An article in the Archives of Surgery reports that a daily routine of poking between the staples of a healing surgical wound with a Q-tip (a wound-probing protocol or WPP) greatly reduced surgical-site infections in patients recovering from open appendectomies after perforated appendicitis.
"...SSI in contaminated wounds can be dramatically reduced by a simple daily WPP," the study authors write. "This technique is not painful and can shorten the hospital stay. Its positive effect is independent of age, diabetes, body mass index, abdominal girth, and wound length. We recommend wound probing for management of contaminated abdominal wounds."
The investigators note that the mechanism by which wound probing reduces SSIs is not clearly understood but that it may allow for drainage of contaminated fluid within the soft tissue.
Good nursing care prevents an awful lot of complications. It probably costs almost nothing to add this bit of wound care to the routine, especially if performed by trained family members, and may keep many recovering patients in low-resource settings out of trouble. A news article about the study can be found here.

Friday, September 2, 2011

More beans, less rice

Eating more beans and less rice lowered the risk of metabolic syndrome (thickened waistline, low good cholesterol, high blood pressure, and some other factors that are often precursors to diabetes and cardiovascular disease) in this study of 1,879 Costa Rican people, published recently in the American Journal of Clinical Nutrition.

Recommending less white rice in favor of a protein probably makes good nutritional sense, but many people will be unable to afford the substitution. White rice is cheap and filling, and in some places, whatever's eaten with it is viewed more or less as a condiment.

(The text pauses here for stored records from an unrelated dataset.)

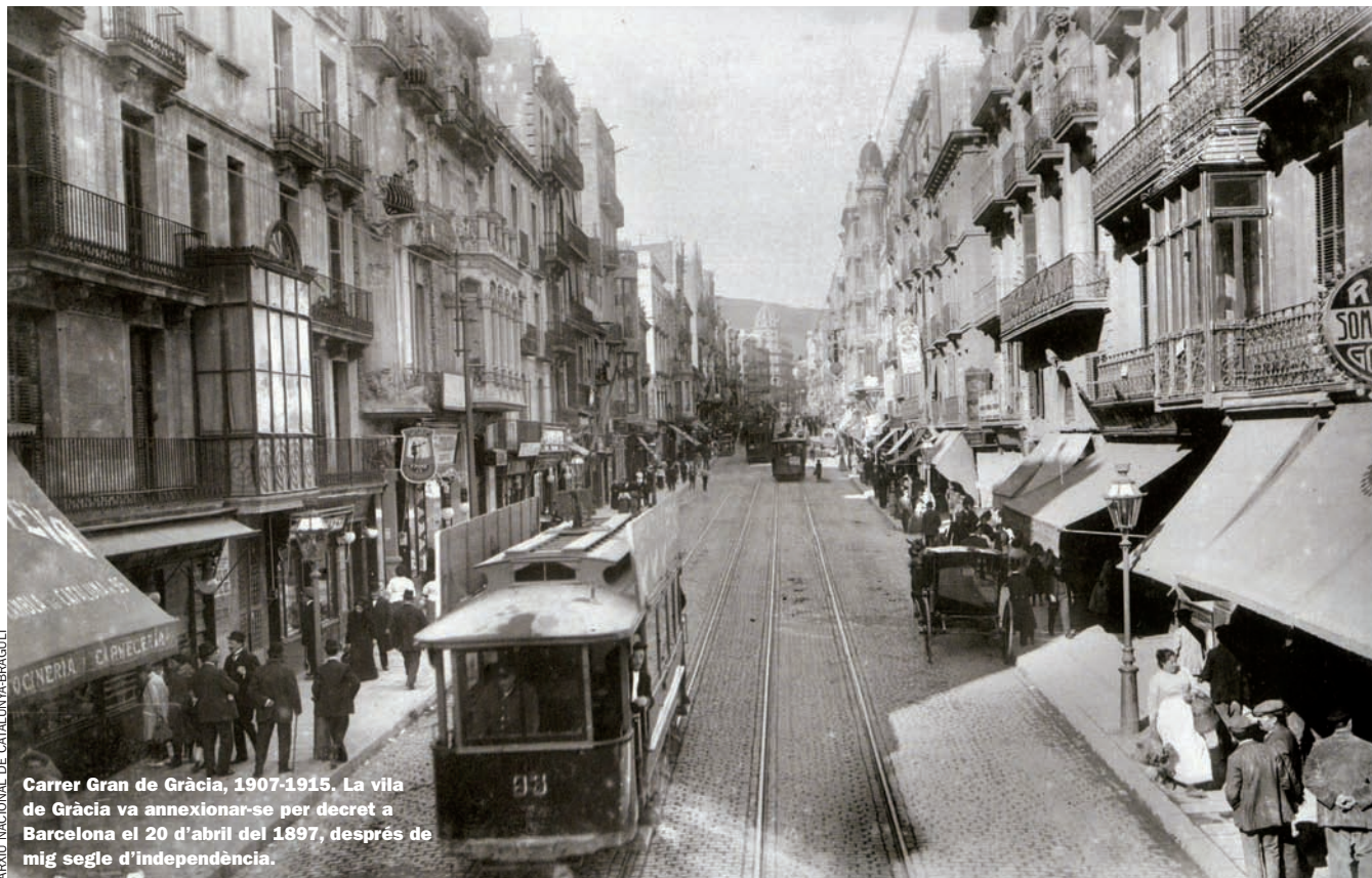
Carrer Gran de Gràcia, 1907-1915. La vila de Gràcia va annexar-se per decret a Barcelona el 20 d'abril del 1897, després de mig segle d'independència.
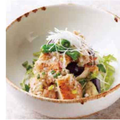
GREEN ONION SALT SAUCE CHICKEN
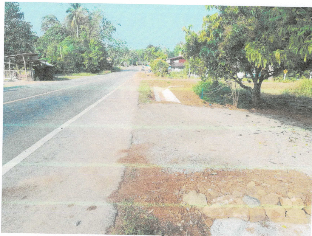
งานแล้วเสร็จทั้งโครงการ
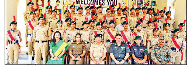
बहादुरगढ़। एनसीसी कैडेट्स के साथ कमांडिंग अधिकारी।
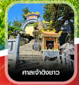
ศาลเจ้าดิงเซา
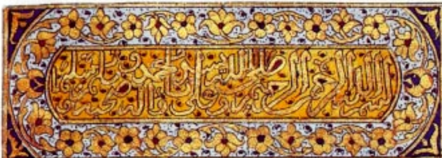
Calligraphie maghribi .
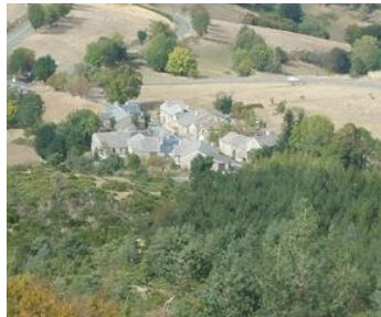
Cabrilac, les bosses de l'Aigoual
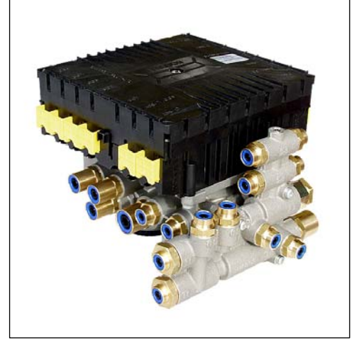
TEBS E modulator 480 102 06x 0

Yeni modülator, kurulum ve işlev bakımından önceki sürümlerle aynıdır.
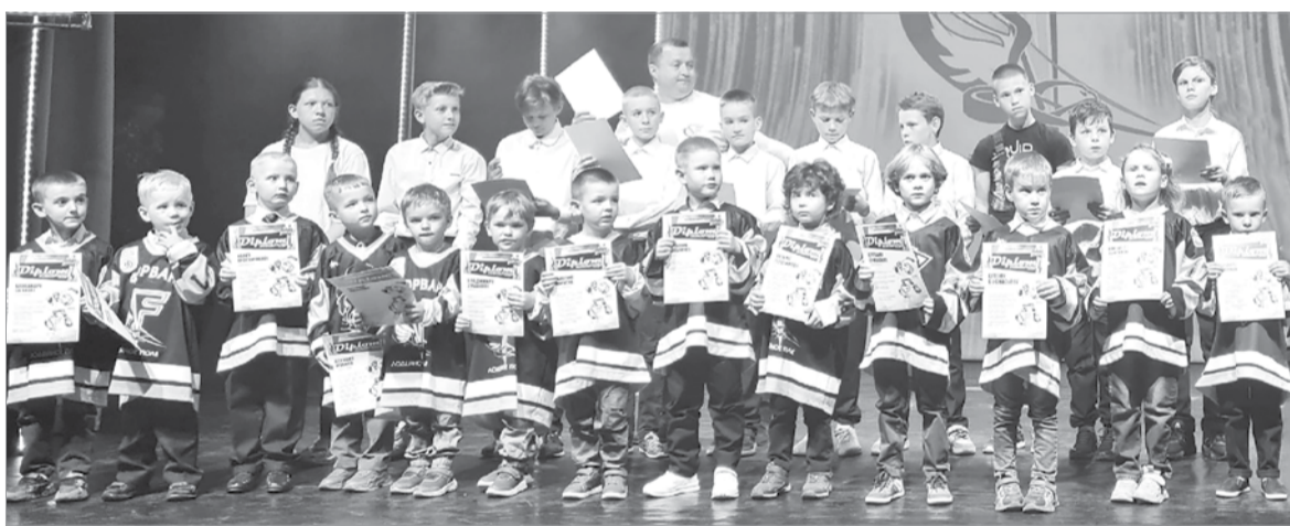
Новички дали «Клятву юного хоккеиста»
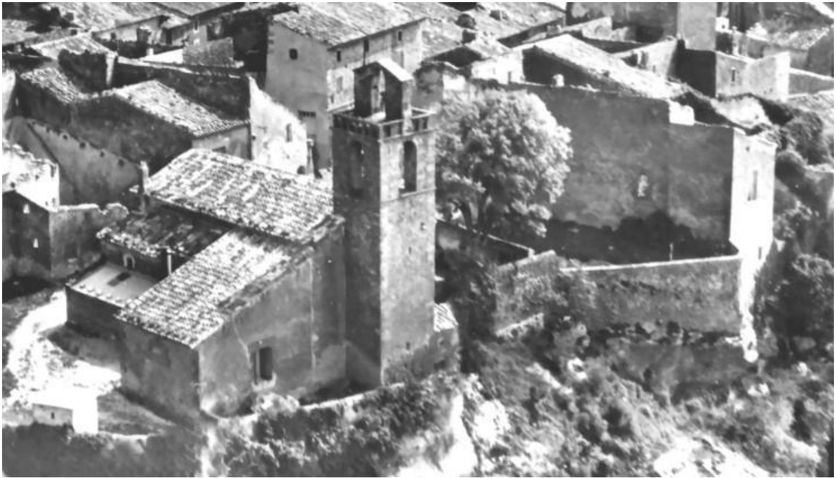
Emplacement du cimetière
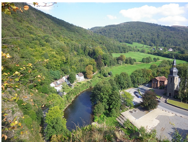
Die Lenneschleife an der Dümplerleie
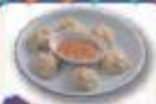
ネパール餃子 ネパール連邦民主共和国
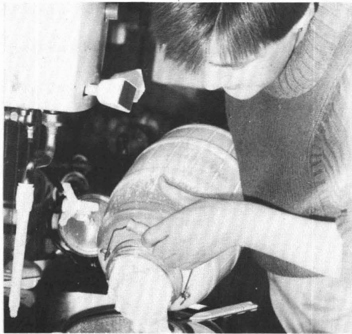
„na het karren

boterkorrels bovenin komen drijven. Na een kwartier is dit klaar en moet de boter van de rest, dit is karnemelk, worden gescheiden. Dit gebeurt in een gewone grote zeef. Er blijft plm. 2 liter karnemelk
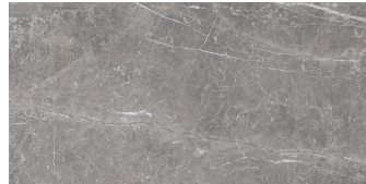
PIETRA ANTICA GRIGIO P6012LB
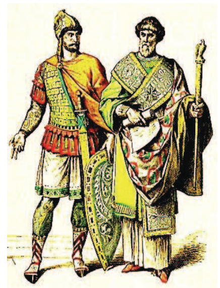
Trang phục binh lính La Mã cổ đại
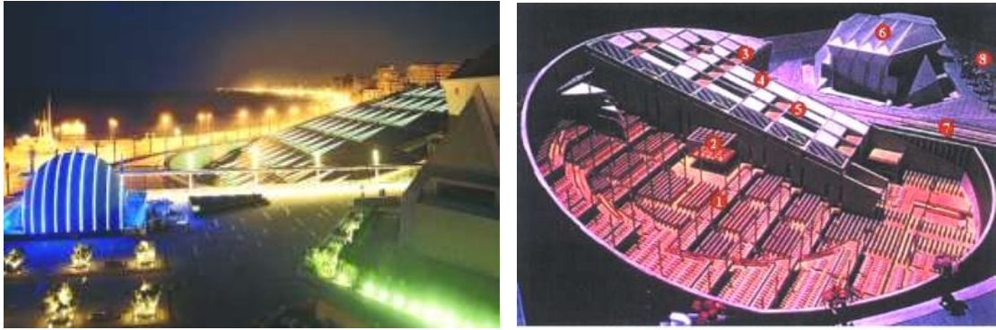
مكتبة الإسكندرية - مصر - الإسكندرية - (شركة Snohetta - أوسلو) ترمز إلى قرص الشمس والنور المنبعث منها إلى العلم والمعرفة والثقافة [ 4 ]
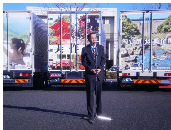
// 中岡海城雄美作地域協議会長
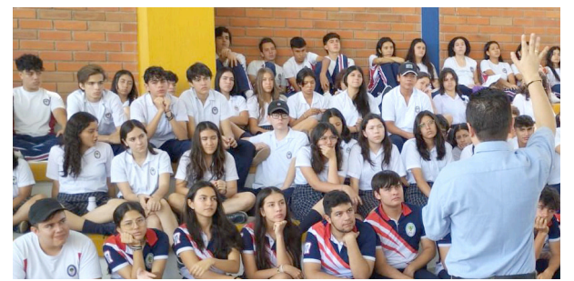
Comunidad educativa marcha contra la Ruta 45
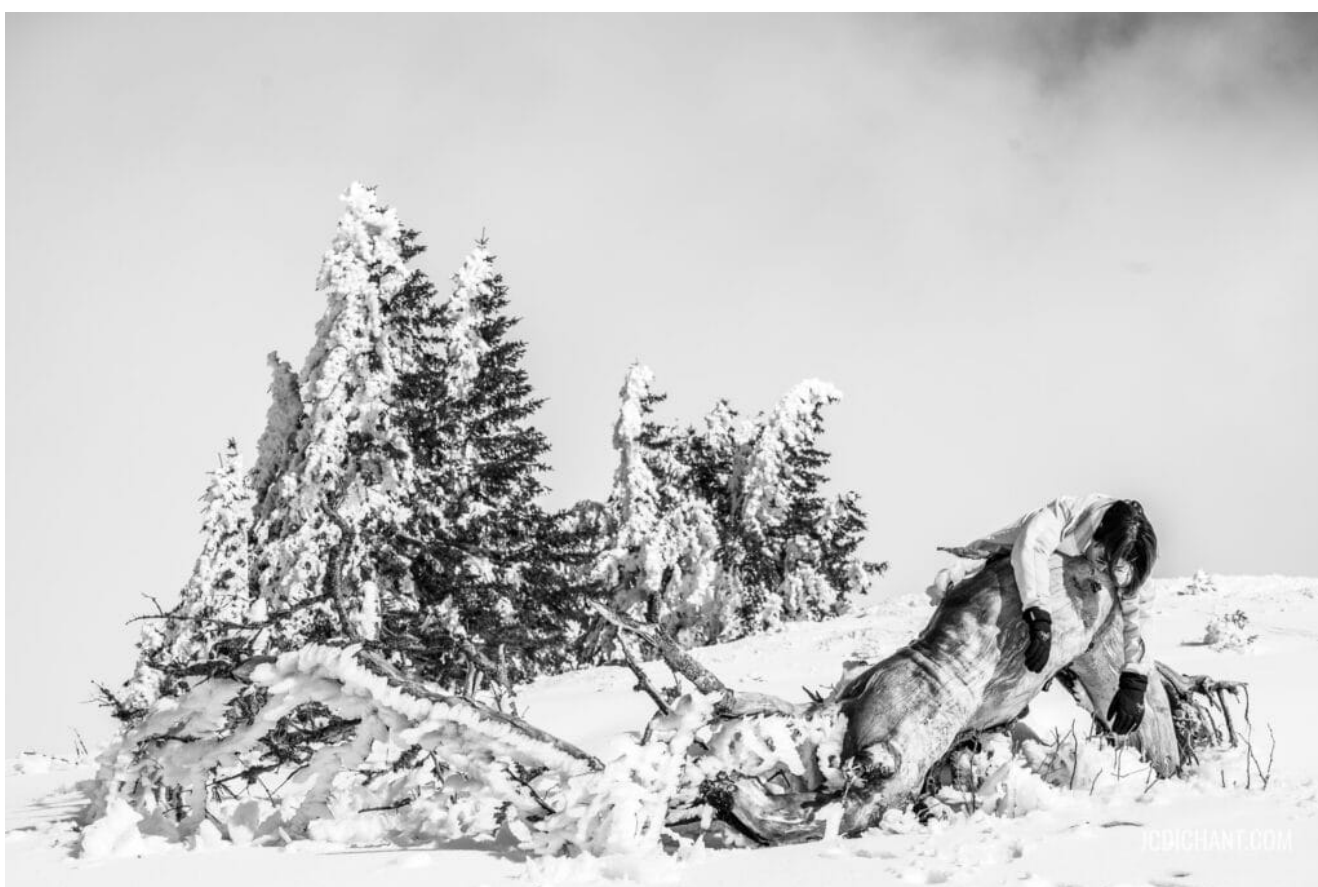
Paysage de neige habité

Tout le monde peut y arriver. Même vous. Vous avez un appareil photo, deux yeux, un vécu, des goûts, une sensibilité. Tout le monde a ça. Ce sont les seuls outils dont vous avez besoin. Le reste s'apprend.
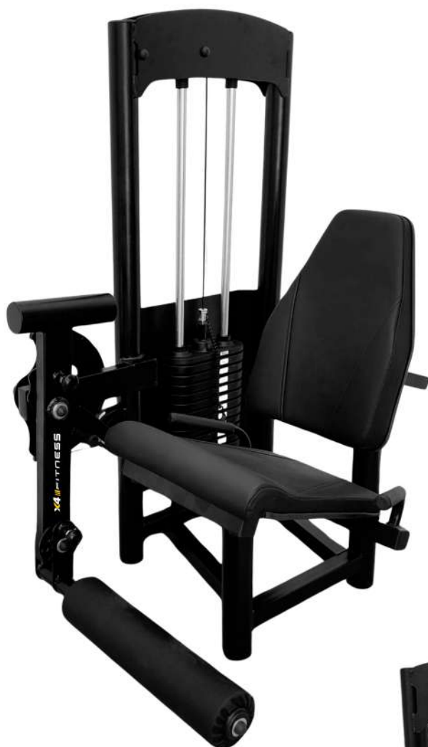
X4MQ009 CADEIRA EXTENSORA
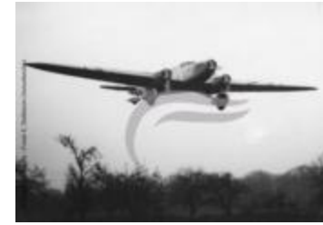
Le Couzinet 70 Arc En Ciel de retour à Natal (2 NUM 016)
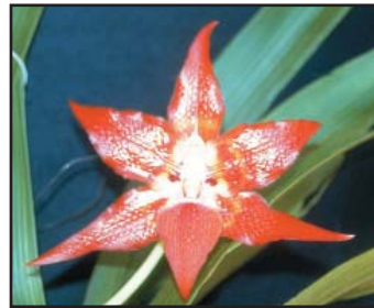
HUNTLEYA BURTII 'EDILMA' Calidad Plata (86)
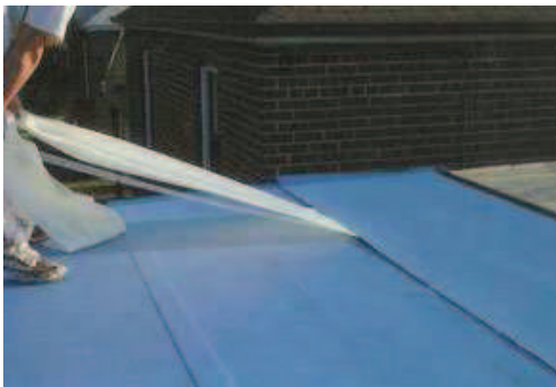
Membrane élastomère.

La membrane élastomère est préfabriquée à base de bitume élastomère, avec une armature intérieure et une surface granulée. Ce produit est disponible en plusieurs couleurs pâles qui augmentent la réflectivité des rayons solaires. Cette membrane est de fabrication très résistante, elle offre une longue durabilité (environ 30 ans) et est sans odeur. Son installation est rapide et la membrane élastomère autocollante permet aussi une installation sans flamme. Bien qu'elle soit environ 15 % plus coûteuse qu'une membrane conventionnelle, elle représente un très bon investissement à long terme.
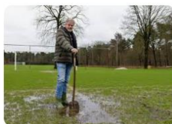
Eindhovens Dagblad Enorme plassen maken voetballen i...
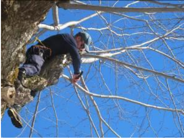
Rising av alm i Avdalen i mars
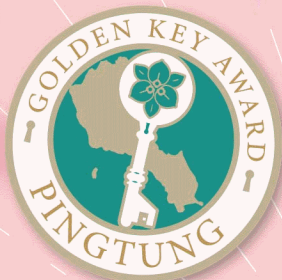
金鑰獎認證 雙人房住宿卷
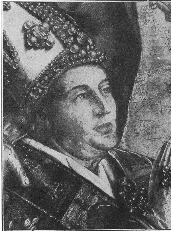
FIG. 6. — Le même, état actuel.
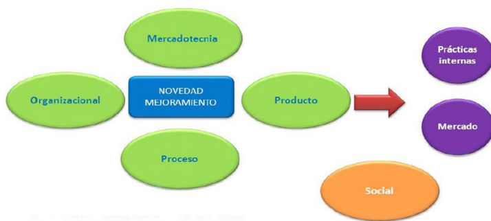
Figura 1 Innovación social en los contextos actuales
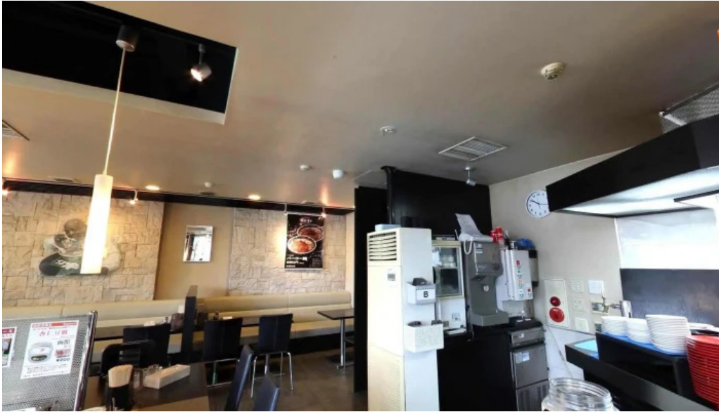
函館麵厨房 あじさい 本店 函館市
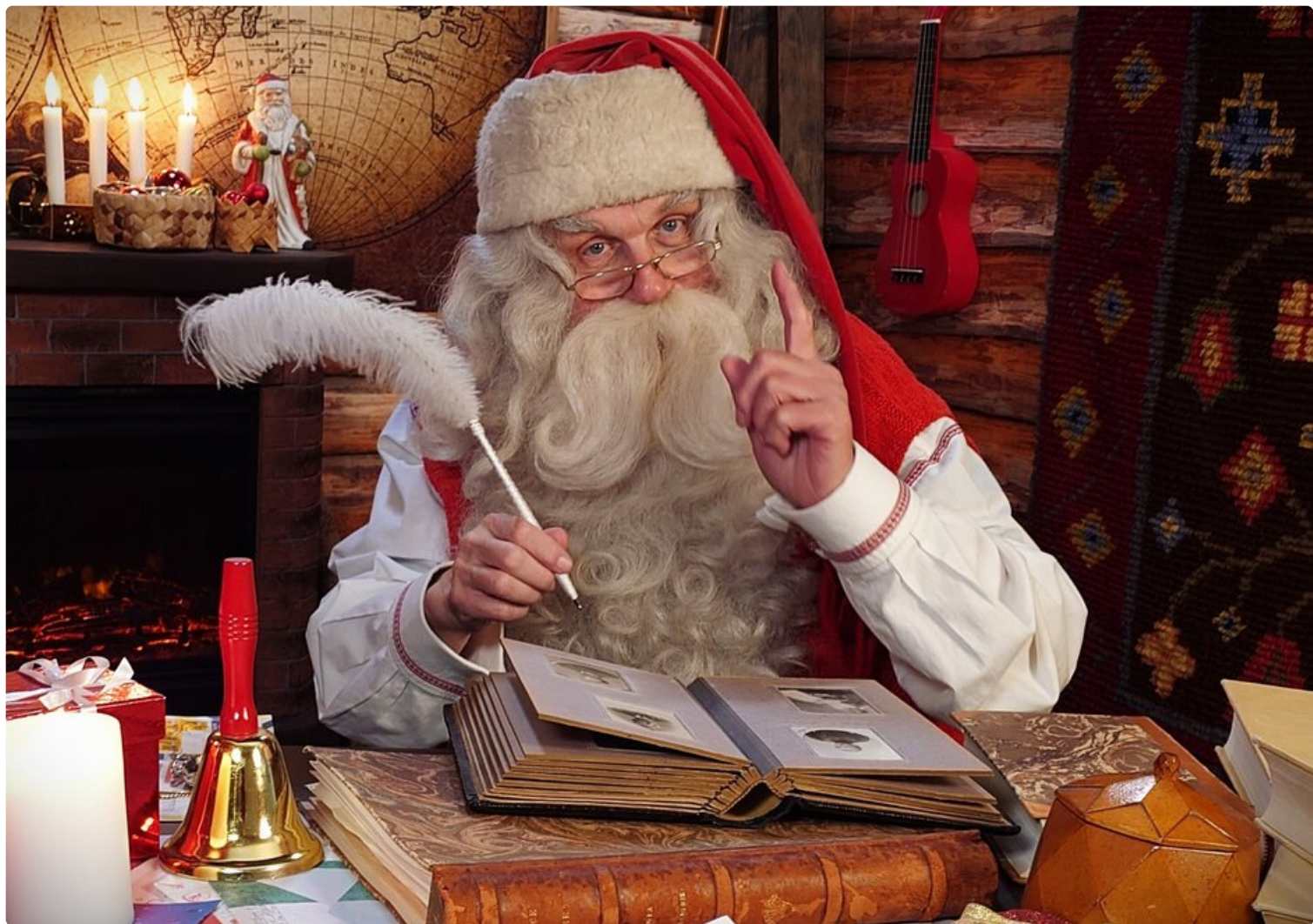
Joulupukki kuvattuna Santatelevision studiolla.

Joulupukin Youtube-kanava Santatelevision tuplasi jouluna katsojamääränsä ja jättää nyt X:n
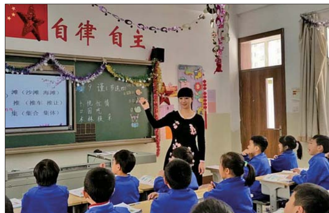
诵读识字成了学生们学习的乐趣。

的确，在育秀小学，2014级学生首次推行《诵读识字》教材，13个班的学生中有几个家长表示不理解。可经过一学期的学习，孩子识字进步的效果让家长们坦言“这本教材太好了”。据了解，《诵读识字》第一
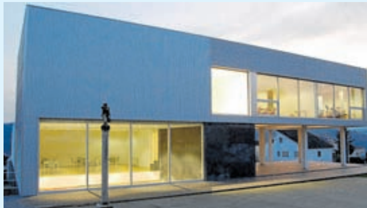
Casa da cultura de Guntín

Desta forma estase a universalizar a cultura, fomentar que poida ser accesible para todos e tamén garantir que o rural teña as mesmas posibilidades. En total, o proxecto contou cun investimento de máis de 36.000 euros. O centro conta con salón de ac-
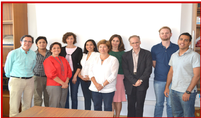
Equipo de investigación en el área de Epidemiología Cardiovascular y Nutrición.

E l grupo de Epidemiología Cardiovascular y Nutrición estudia la historia natural de la enfermedad cardiovascular mediante investigaciones tanto de base poblacional como en la clínica. El grupo lleva a cabo proyectos propios y numerosa investigación colaborativa. Entre los proyectos propios se encuentra una cohorte de 4.000 ancianos de base poblacional establecida en el año 2000 y seguida hasta la actualidad. Entre otras contribuciones al conocimiento de la salud de los ancianos, esta cohorte ha permitido establecer el impacto nocivo
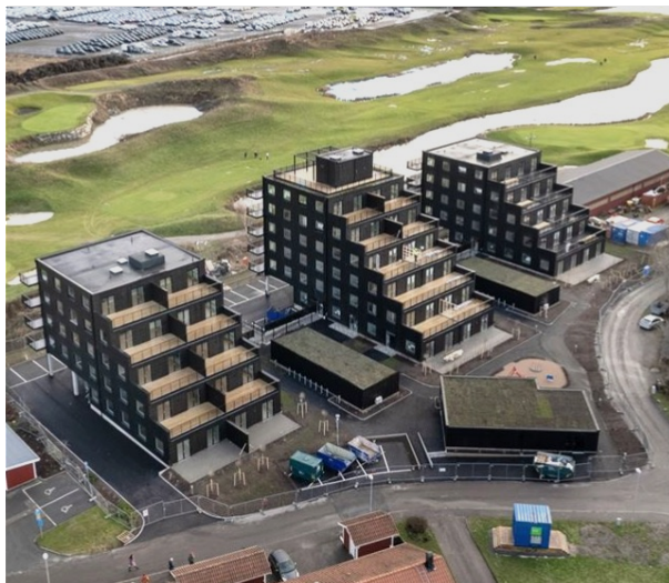
Projektet Torslanda Terrasser färdigställdes under kvartalet.

Slutsamrådet med kommunen avlöpte väl och entreprenaden blev godkänd. Godkänt slutbesked är mottaget. Marknadsföring och inflyttning avseende de 46 hyresrätterna pågår. Projektet Bastuban kommer att behållas under Grundingens egen förvaltning.

Why do people eat polished rice when unpolished rice (containing the husk, bran, and germ) is nutritionally superior? I believe the answer is that it's easier to store polished rice, as rice germ contains fats that spoil easily. The price people pay is worse nutrition--not only a higher risk of metabolic syndrome, but also thiamine deficiency.

Friday, July 1, 2011

Easing hyperglycemia with H2O

French researchers reported some interesting preliminary results of a study of people with diabetes. Those who drank more water had a lesser risk of developing high blood sugar than those who didn't drink as much water. It's not clear if there's a cause-and-effect relationship yet (it may be that a third, unknown factor leads to both a lower blood sugar and a tendency to drink more water), and these results haven't yet been reviewed by other scientists. But it would be awfully convenient if diabetics in a low-resource setting could take better care of themselves by doing something as simple as drinking more water.

(Of course, that's assuming they have access to clean drinking water--not a safe assumption in many parts of the world.)

Wednesday, March 16, 2011

WHO's List of Essential Medicines

The World Health Organization publishes a frequently-updated list of essential medicines, organized by type of drug and whether it's a "core" drug to treat high-priority conditions, or a complementary drug for settings with more resources and specialists. It flags drugs for which any equivalent drug in the same class is just as good, as well as those that are only for children or other subgroups. It's worth browsing if you're looking to put together an essential toolkit for a low-resource setting.

I get a little misty looking at this list. Every one of these drugs is a technological achievement, the result of years of work and centuries of scientific investigation into chemistry and physiology. We've gradually learned how the human machine works, and now we have this--a toolkit, a concise record of human smarts directed toward relief of disease and suffering. Creationists, the evolutionists you abhor use the same methods that the inventors of your blood-pressure pills did. And Luddites, take note: technology can serve the good. This list is proof.